Scotland's chief medical officer has warned movement restrictions to halt the spread of coronavirus could last until June.

Dr Catherine Calderwood also said the virus was likely to peak in two to three weeks.

She warned "some sort of measures" were needed for "at least 13 weeks" to stop the spread of Covid-19

She said anything shorter risked the virus coming back adding that the the experience of other countries showed that strict measures were needed.

On Monday, new measures were announced to restrict all but essential movement.

 Dr Calderwood said: "I think we've seen really good evidence of people taking themselves back into their homes [and] not going out nearly as much this week."

She added that "disappointing sights" last weekend of people up hills and on beaches is "why we have really pushed for people to stay at home except for very essential shopping trips [and] a little bit of exercise once a day... but really not to see anyone if at all possible outside your own household"

"We've now had quite significant lockdown-type measure in the UK for a week, we know that we can tell whether that's making a difference within two weeks to three weeks so that modelling is being relooked at", she added.

Glasgow Times: Dr Catherine Calderwood said the boxes are helping to raise safe sleeping awareness.

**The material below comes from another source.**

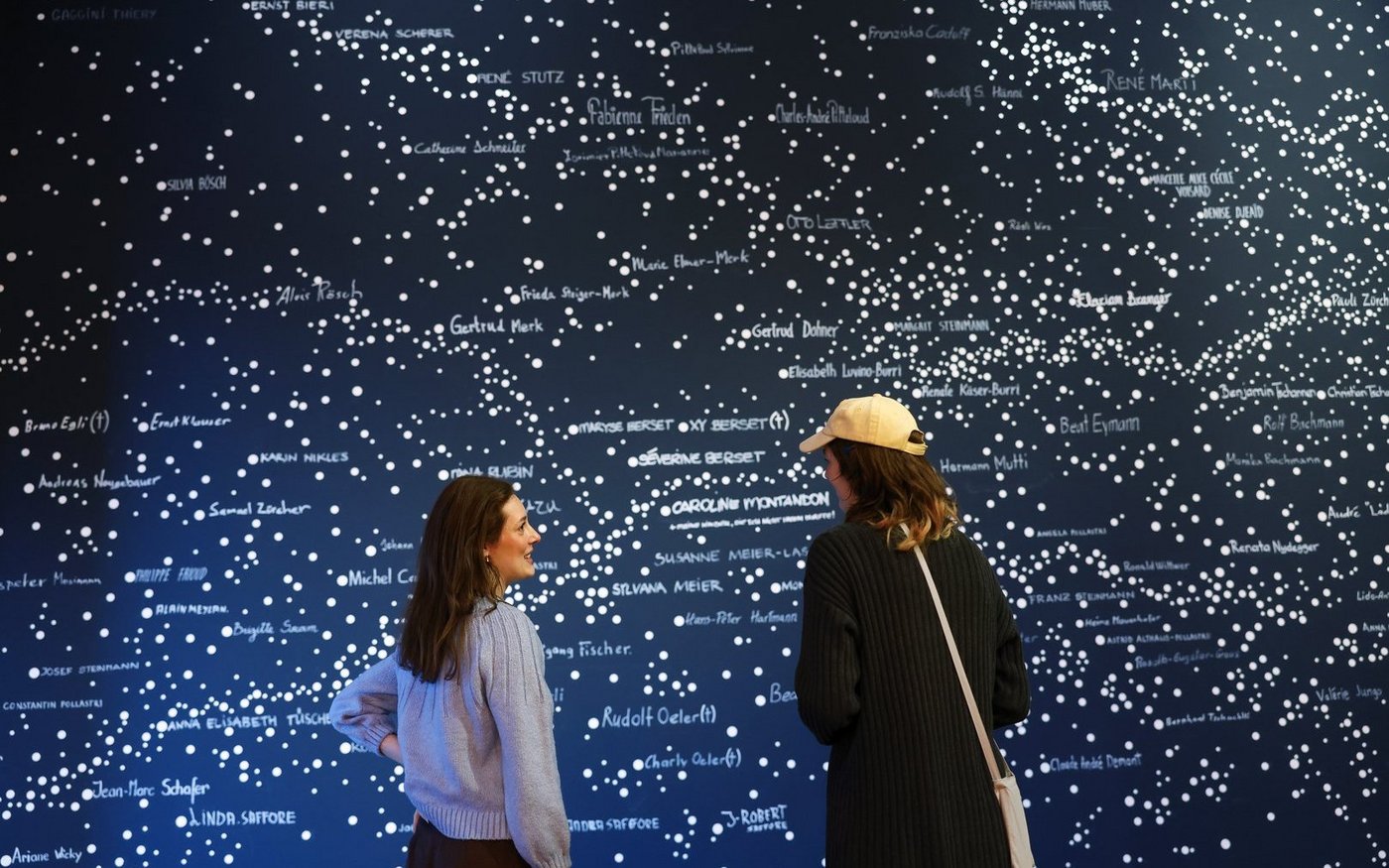 Im Eingangsbereich berührt die Installation «Namen gegen das Vergessen»: 10 826 weisse Punkte auf einer dunklen Wand symbolisieren jene Menschen, die bis Sommer 2024 einen Solidaritätsbeitrag erhalten haben. 295 dieser Punkte wurden an zwei Aktionstagen im Januar von Hand mit Namen beschriftet – durch die Betroffenen selbst, durch Angehörige oder durch das Museumsteam.

Photograph: Gordon Terris

She said the virus was likely to peak in two to three weeks.

 "We [will] have a peak, I think probably, at the same time across the UK but maybe of different size. London has been hit very hard, we’ve seen those numbers increase over the last number of weeks."

She said the rest of UK outside London might have lower peaks because there were currently fewer cases there.

Whe was "optimistic" the high projected death toll of the virus can be avoided if people stick with the restrictions put in place.

She said: "We would hope we are looking at a more optimistic level given the range of measures we have put in which are quite extreme and also given the level of compliance," she said.

"We are very hopeful that that huge figure of 260,000 excess deaths is not going to be the reality."

And she told the BBC they were looking at "alternative" sites to add capacity similar to the Nightingale "field hospital" being built in London.

 "We’ve obviously cancelled our elective work that gives us more beds but we are looking at alternative facilities, like other parts of the country.

"We have doubled our ventilator capacity already and we have plans then to quadruple our existing capacity. Depending on how well these suppression measures work, we think we are coming close to having enough ventilators for the peak of the virus outbreak."

She said orders for ventilators were coming from countries across the world, saying that where they would be distributed across the four countries depended on "clinical need".